In 1939, the BOF was transferred from the United States Department of Commerce to the United States Department of the Interior, and on 30 June 1940, it was merged with the Interior Department's Division of Biological Survey to form the new Fish and Wildlife Service, an element of the Interior Department destined to become the United States Fish and Wildlife Service in 1956. Kittiwake thus became part of the FWS fleet as US FWS Kittiwake.

==U.S. Navy service, 1942–1944==

In 1942, the U.S. Navy acquired Kittiwake for World War II service, designating her as a yard patrol boat and renaming her USS YP-199. Assigned to the Thirteenth Naval District Inshore Patrol, as of 15 May 1942 she was based at Section Base, Port Townsend in Port Townsend, Washington. The Navy employed her as a utility vessel and dispatch boat in and around Puget Sound. The Navy returned YP-199 to FWS control in May 1944 and struck her from the Navy list on 9 June 1944.

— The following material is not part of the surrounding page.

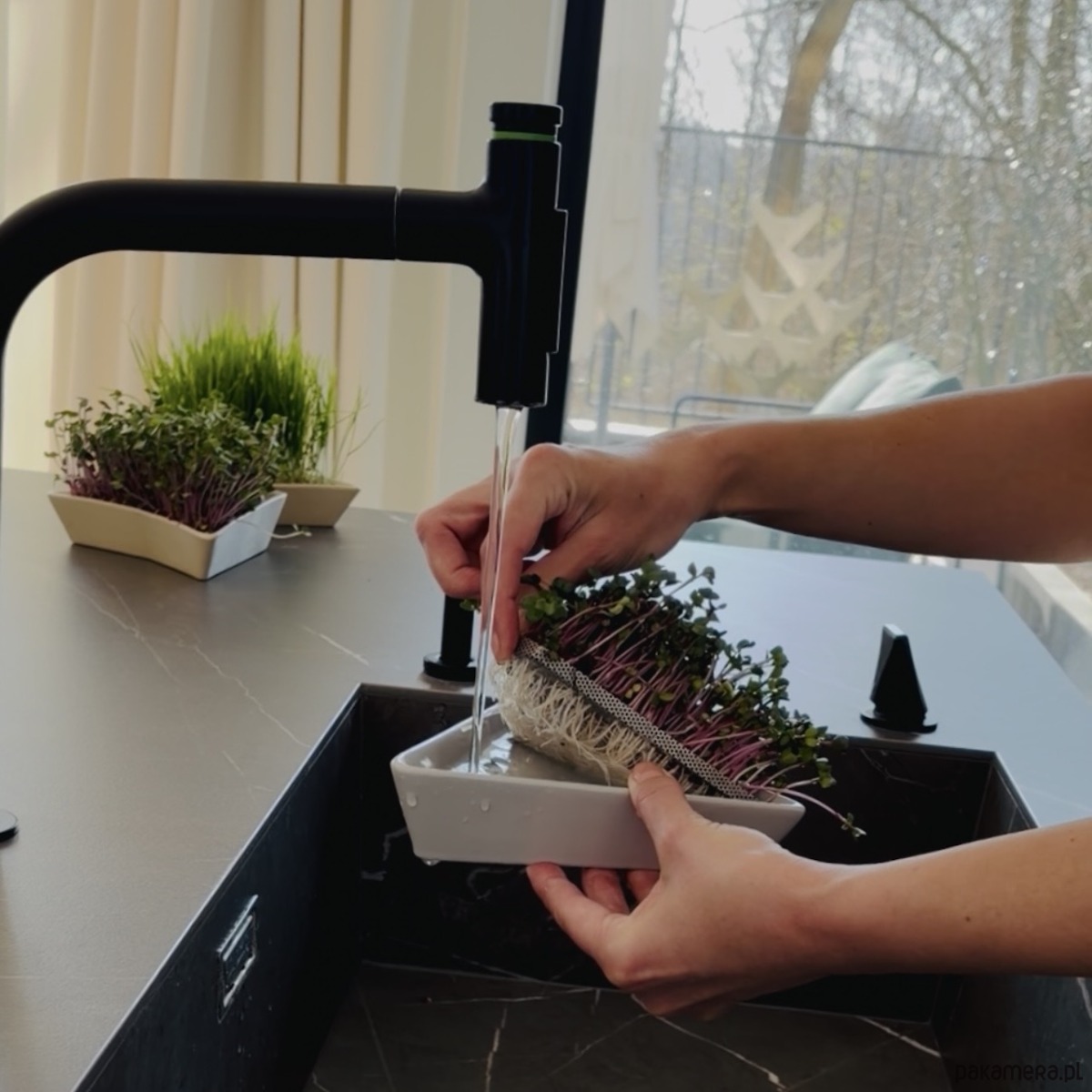 Do zestawu dołączone są BIO ZIARNA - zestaw zawiera 9 rodzajów nasion na kiełki: rukola 8g, gorczyca 8g, rzeżucha 8g, rzodkiewka 8g, amarantus 8g, słonecznik 8g, soja 8g, brokuł 8g, pszenica 8g. Data przydatności 12.2028r.
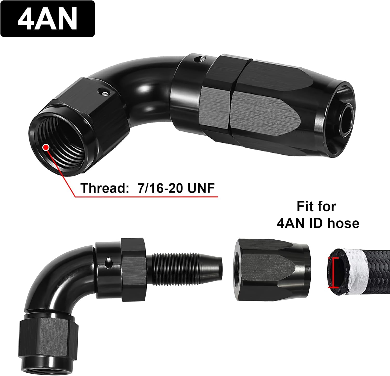 - Size: The thread size of 4AN is 7/16-20 UNF. The AN side is sealed by a 37 degree angle

==Fish and Wildlife Service from 1944==
Returning to her FWS name, Kittiwake spent the rest of 1944 undergoing renovations to prepare her to return to fishery patrol duty during the fishing season in 1945. Sometime between 1945 and 1948, the FWS decommissioned and sold her.

==Later career==

By 1948, the vessel had returned to her original name, Raeo, and was owned by Duwamish Shipyard, Inc, in Seattle, classified as a fishing vessel. In 1957, a Washington boat service company, Tacoma Boat Mart, acquired her and renamed her Harbor Queen. Until 1997, she operated as Harbor Queen in Puget Sound under five different owners as a passenger, charter, and tour boat, home-ported at various times at Tacoma, Seattle and La Conner, Washington.

In 1998, the vessel was sold at Seattle. Her new owners renamed her Entiat Princess and removed her upper decks so she could be transported to Wenatchee, Washington, where they had her converted into a sternwheeler. As of 2009, the 101-year-old Entiat Princess was in service on the Columbia River, providing dinner cruises, charters, and tours.